**Data excerpt:**

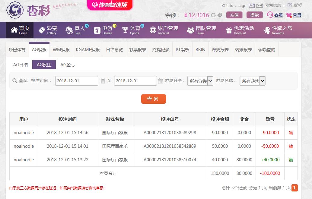 [|输单补偿] 12月1日杏彩亏损100 |
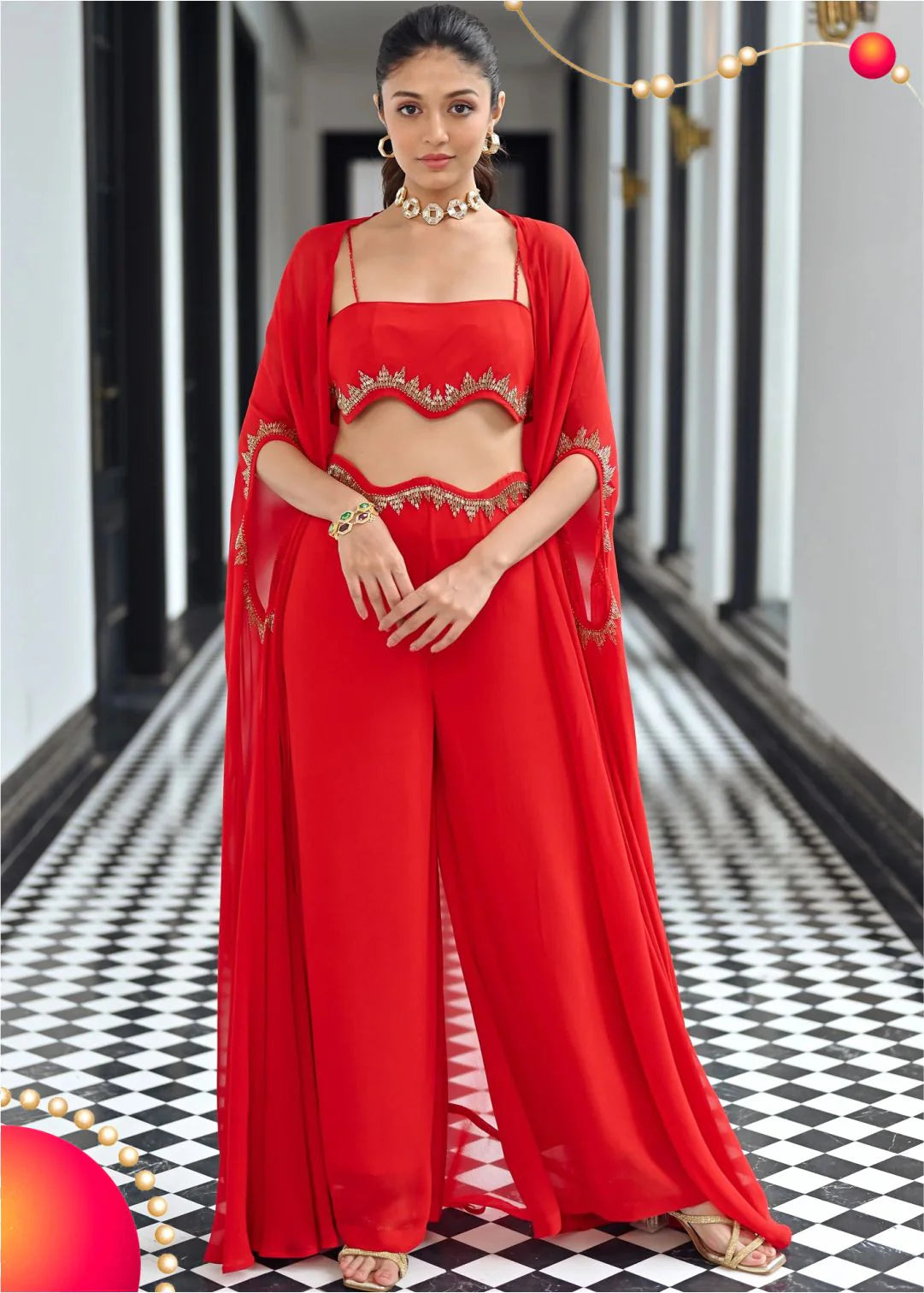 Radiate Elegance in This Red Hand Work Anarkali Suit
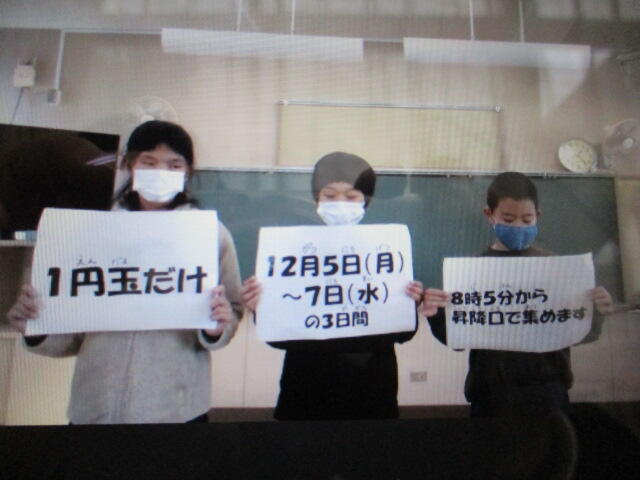 12月5日(月)〜7日(水)の3日間、代表委員が玄関の昇降口で募金活動を
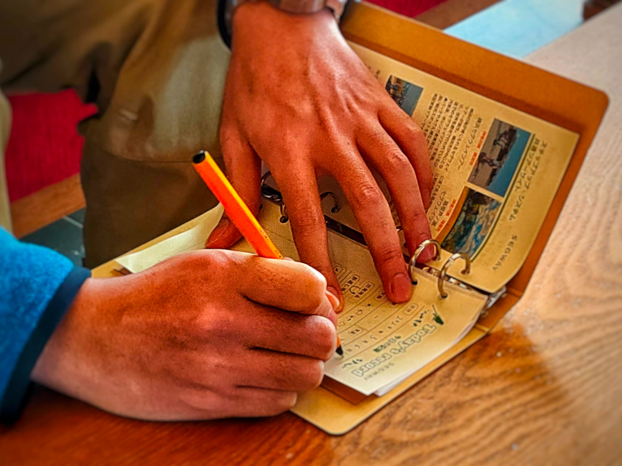 体験終了後、ログブックにツアーログを書いてツアーの思い出をお持ち帰りください。

**Exercise directions:** Each line above should be written out again exactly, and no picture should appear in the copy.

**Result of the task:**
 [|输单补偿] 12月1日杏彩亏损100 |
 Radiate Elegance in This Red Hand Work Anarkali Suit
 12月5日(月)〜7日(水)の3日間、代表委員が玄関の昇降口で募金活動を
 体験終了後、ログブックにツアーログを書いてツアーの思い出をお持ち帰りください。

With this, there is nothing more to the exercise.